Non ho mai amato l’indignazione a scoppio ritardato. Non apprezzo gli impavidi solo sui social, gli indignati a comando, i puristi a due velocità. Eppure ogni giorno, quel coraggio ostentato al calduccio di casa e dietro un monitor, si dissolve al contatto con la realtà del mondo.

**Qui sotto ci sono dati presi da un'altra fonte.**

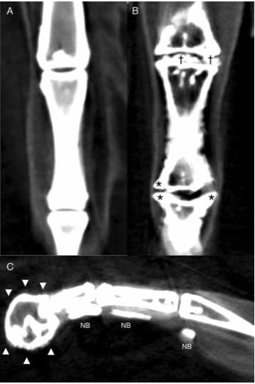 Figure 3. Reconstructed dorsal plane CT image of a normal MTP and IP joint (A), reconstructed dorsal plane CT image of a severely affected MTPjoint and IP joint (B) with periarticular new bone formation (as- terisks *) and new bone formation within the joint space (daggers â ), and reconstructed sagittal plane CT image of a severely affected digit (C) with a misshaped distal phalanx surrounded by a rim of new bone (arrowheads â²) and linear mineralization plantar to the digit within the extensor tendons (NB).

Basta fare un giro in centro per accorgersi delle piccole grandi prevaricazioni: i bulletti sugli autobus, le ragazze molestate per strada, i più deboli bersaglio dei più forti. Tutto intorno, un popolo intento a farsi i fatti propri. Non siamo tenuti ad essere condottieri, è vero, ma almeno non fingiamo di essere ciò che non siamo. Il monito, chiaramente, vale anche per chi scrive. È capitato anche a me di modificare un pezzo già scritto. Non so dirvi se pesa di più il rimorso o il rimpianto, ma i giornalisti rischiano di pagare conti salatissimi, e di tasca propria, talvolta anche quando raccontano la verità.
E quindi non vi nascondo che avrei voluto parlarvi di altro oggi. Avrei voluto interrogarmi su strane vicende processuali, su fascicoli spariti al tribunale di Catania e presunte vittime che accusano presunti giustizieri. Roba noiosa. Magari ne parliamo un’altra volta.